TASK =>
Only the lines below from the one that holds "2025春夏 デニムパンツ ボトムス" through the one that holds "HOCO M70 handsfree" should appear in the answer, copied exactly, end lines included and pictures omitted.
[AVAILABLE DATA — start]
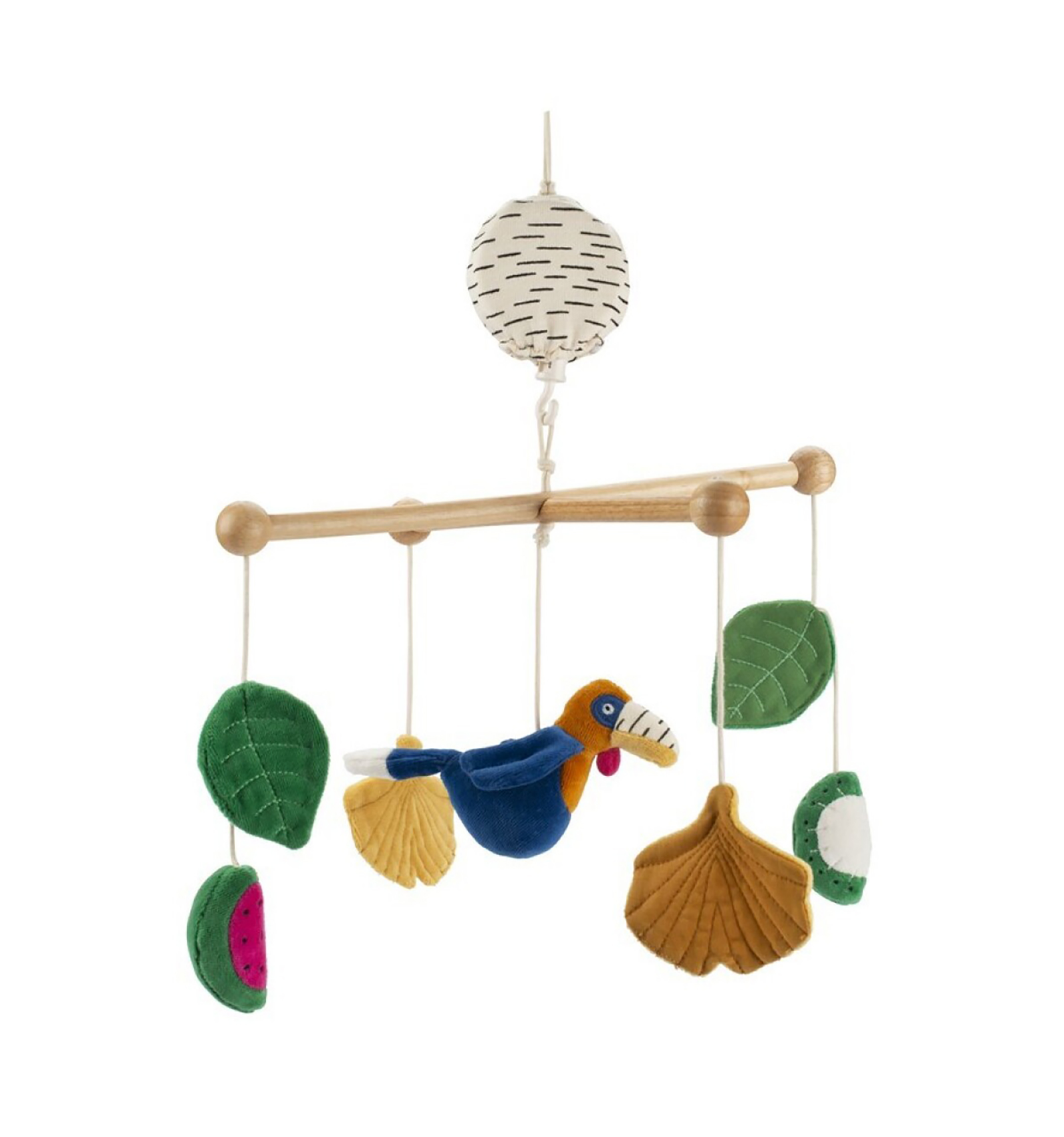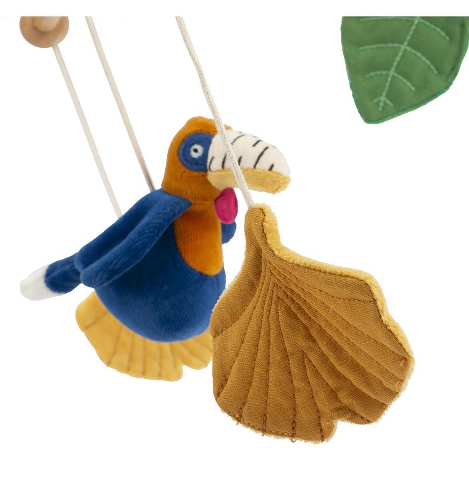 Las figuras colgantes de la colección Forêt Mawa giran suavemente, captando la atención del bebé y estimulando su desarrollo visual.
[AVAILABLE DATA — finish]
[AVAILABLE DATA — start]
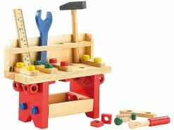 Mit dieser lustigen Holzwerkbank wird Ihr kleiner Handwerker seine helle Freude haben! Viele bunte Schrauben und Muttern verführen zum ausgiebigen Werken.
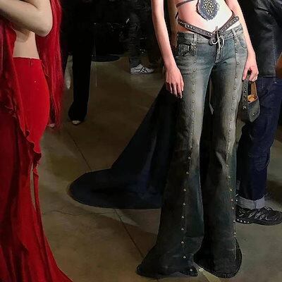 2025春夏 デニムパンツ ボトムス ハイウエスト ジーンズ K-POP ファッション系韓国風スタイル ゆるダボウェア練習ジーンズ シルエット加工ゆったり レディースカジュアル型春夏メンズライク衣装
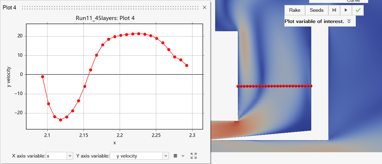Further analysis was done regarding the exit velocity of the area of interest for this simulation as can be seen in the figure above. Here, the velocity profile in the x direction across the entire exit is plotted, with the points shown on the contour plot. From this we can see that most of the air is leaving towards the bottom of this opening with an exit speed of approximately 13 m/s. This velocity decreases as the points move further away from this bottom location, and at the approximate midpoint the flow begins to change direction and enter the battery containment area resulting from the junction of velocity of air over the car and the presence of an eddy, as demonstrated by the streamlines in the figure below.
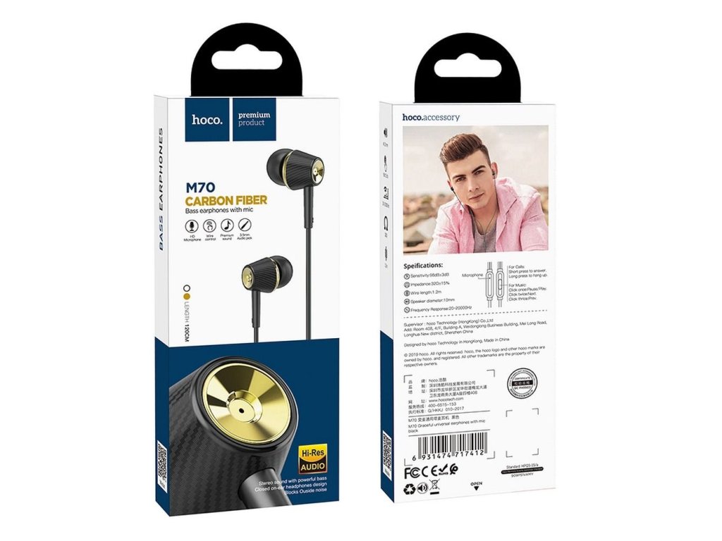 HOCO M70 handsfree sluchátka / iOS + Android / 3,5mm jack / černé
[AVAILABLE DATA — finish]
RESPONSE TO THIS EXERCISE =>
 2025春夏 デニムパンツ ボトムス ハイウエスト ジーンズ K-POP ファッション系韓国風スタイル ゆるダボウェア練習ジーンズ シルエット加工ゆったり レディースカジュアル型春夏メンズライク衣装
Further analysis was done regarding the exit velocity of the area of interest for this simulation as can be seen in the figure above. Here, the velocity profile in the x direction across the entire exit is plotted, with the points shown on the contour plot. From this we can see that most of the air is leaving towards the bottom of this opening with an exit speed of approximately 13 m/s. This velocity decreases as the points move further away from this bottom location, and at the approximate midpoint the flow begins to change direction and enter the battery containment area resulting from the junction of velocity of air over the car and the presence of an eddy, as demonstrated by the streamlines in the figure below.
 HOCO M70 handsfree sluchátka / iOS + Android / 3,5mm jack / černé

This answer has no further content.